Here’s how award-winning bartender Hayden Lambert develops new drinks

Hayden Lambert at Above Board.

Sometimes, any means to an end will do. Sometimes, well, the process is what matters.

We’ve always been fascinated with the drinks that the Australian industry dishes up, whether they tend toward the out-there, conceptual, transgressive end of the spectrum; or whether they’re more simple three or four ingredient affairs — drinks like this one from Above Board bartender and co-owner, Hayden Lambert.

Here we have asked Lambert to walk us through the conception of this drink. And given that he’s one of the country’s best proponents of the classically structured drink, we asked him to share with us the way he approaches his craft.

As told to Sam Bygrave

It’s called the Bananadrama. Originally it was called the Bananarama, but not many people liked the Bananarama as the name and that caused too much drama — so it became the Bananadrama. 


It was a little bit of an experiment in the bar with a couple of things: first was acidity, we only use lemon, lime and orange juice at Above Board, so it was an interesting way to bring in a different style of acidity that was, yeah, it was more controllable than lime and lemon juice. And then the other part of it was, we didn’t really have any mezcal, and people love tequila but Melbourne loves mezcal. 

We got a lot people asking for mezcal drinks. And I thought, well, I haven’t really played with mezcal, so we introduced a couple of things that weren’t really in the Above Board wheelhouse which were mezcal and verjus. You know, it was just a combination of the two.

We took an Old Fashioned-style structure, and we tried to layer the smoked lightness of mezcal on top of banana, or vice-versa.

The Bananadrama.

You’re like, banana and mezcal shouldn’t really go together… but then I thought Scotch has a lot of those smoky, bacon, butterscotch, banana ester flavours so what you’re kind of making is a makeshift Scotch whisky with a little bit of acidity — does that make sense? In my brain that’s how I was trying to layer it.
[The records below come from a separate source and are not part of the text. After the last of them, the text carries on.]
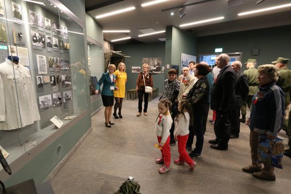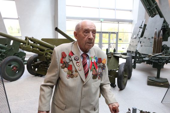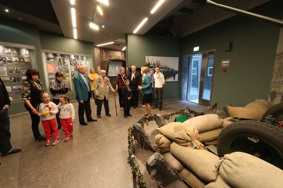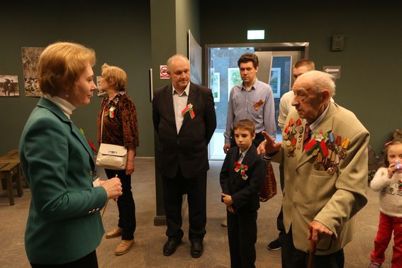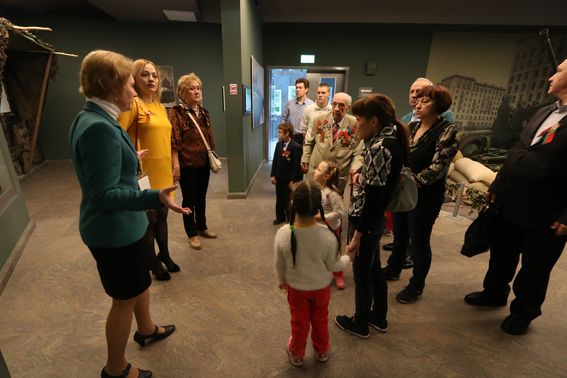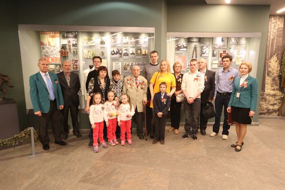С ветераном и членами его семьи заведующий сектором научно-методической работы Татьяна Федоровна Политыко провела тематическую экскурсию «Подвигу народа жить в веках!». В экспозиции зала №4 «Начало Великой Отечественной войны. Оборонительные бои в Беларуси летом 1941 г. Смоленское сражение. Битва под Москвой (30 сентября 1941 – февраль 1942 гг.) особое внимание ветерана Самонова и его родных привлекли: плакат художника Б. А. Мухина «Защитим родную Москву!», представленные в витрине личные вещи уроженца Витебской области командира 2-го кавалерийского корпуса Героя Советского Союза генерал-майора Л. М. Доватора: гимнастерка, компас, портфель, полевая книжка-блокнот, линейка. Рядом с витриной – скульптура «Герой Советского Союза Л. М. Доватор на лошади», выполненная в 1954 г. известным советским скульптором народным художником БССР А. К. Глебовым. В музее экспонируется 25-мм зенитная пушка, какими прикрывали московское небо от вражеской авиации. Фронтовику М.С. Самонову и членам его семьи показан хроникально-документальный фильм «Военный Парад в Москве 7 ноября 1941 г. – Парад надежды».
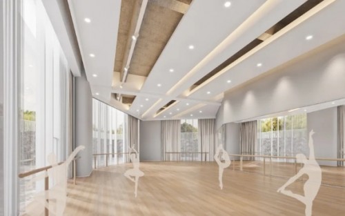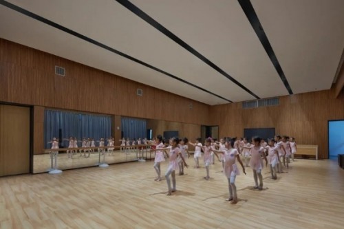 设计以科学严谨的分析研判作为基底,强调围合感、趣味性、艺术感,透过对校园环境与教学品质关系的思考、梳理,在不同的空间选用适配的形式。舞蹈室门口贴心设置了方便换鞋的鞋柜矮凳一体装置,室内则由大面积吸音板和专业塑胶地板构成,两面的银镜保证对舞者动作的观察,其镜面、把杆的尺寸设计都经过了科学严谨的测量,同时镜面效果除了方便练舞时对照动作,亦予人空间视觉延伸的宽阔感。
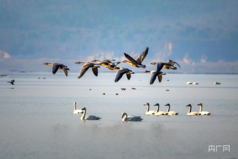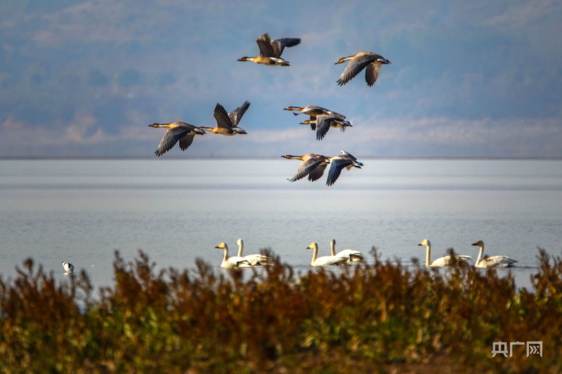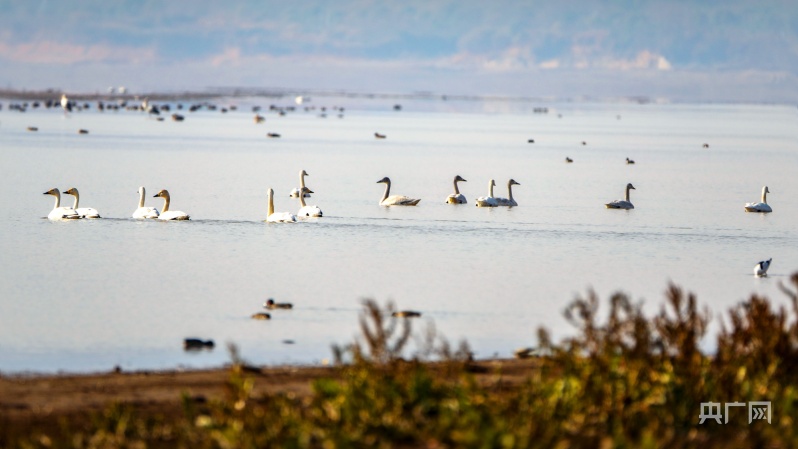 冬日暖陽下,它們或在岸邊草叢覓食,或在水面交頸相依,時(shí)而引吭高歌,似為迎接新年的到來。

So we were just trying to create that kind of flavour profile, introduce that to our customers in an interesting and sometimes divisive way. Because I think, you know, we can produce drinks that taste amazing and I’m all for those drinks, but we also need to produce a drink once in a while that’s challenging. Not everything has to be challenging; you know, you don’t have to go to a bar just to be challenged.

The idea was a little bit of acidity through the verjus, and then a little dash of bitters to bridge the gap between the banana and the mezcal. Serve it over a big piece of ice, and then give it a lemon zest so it still has that aromatic aroma. That’s about it.

We conceive the idea, and then we present it to customers, and we present it to a very limited amount of customers. And we try to find the right match for customers — if it’s a sweeter style drink, then we’re not going to present it to someone who likes bitter flavours and vice-versa. You’re going to to try and find your customer. 

The thing we’re looking for is instant feedback, not verbal feedback because I think people lie — at Above Board it’s so simple, we’re half a metre away from our customer at any one time, and you can see when they’re liking the drink and when they’re not.

You need to work on it, you need to tweak it and you need to develop it, and then a lot of the time I think your imagination is a really great way to make drinks, but you need to be careful because your imagination can tell you that that’s been done, or that’s not going to work, so you self-audit yourself. You get to a point in your bartending career where the books and the stuff that you own are probably more of a collector’s item as opposed than actual reference item.

You need to have a solid base. And then you can work it into two different ways: you can take it back and make it simpler, or you could take it forward and make it more complex, and that’s where clarification comes in, or something like sous-vide, or in the rotovap, where you take it to the most progressive end of the scale. Because we’re not the most progressive bar, we don’t follow that all the way through; we’re working with the simplicity of three or four ingredients.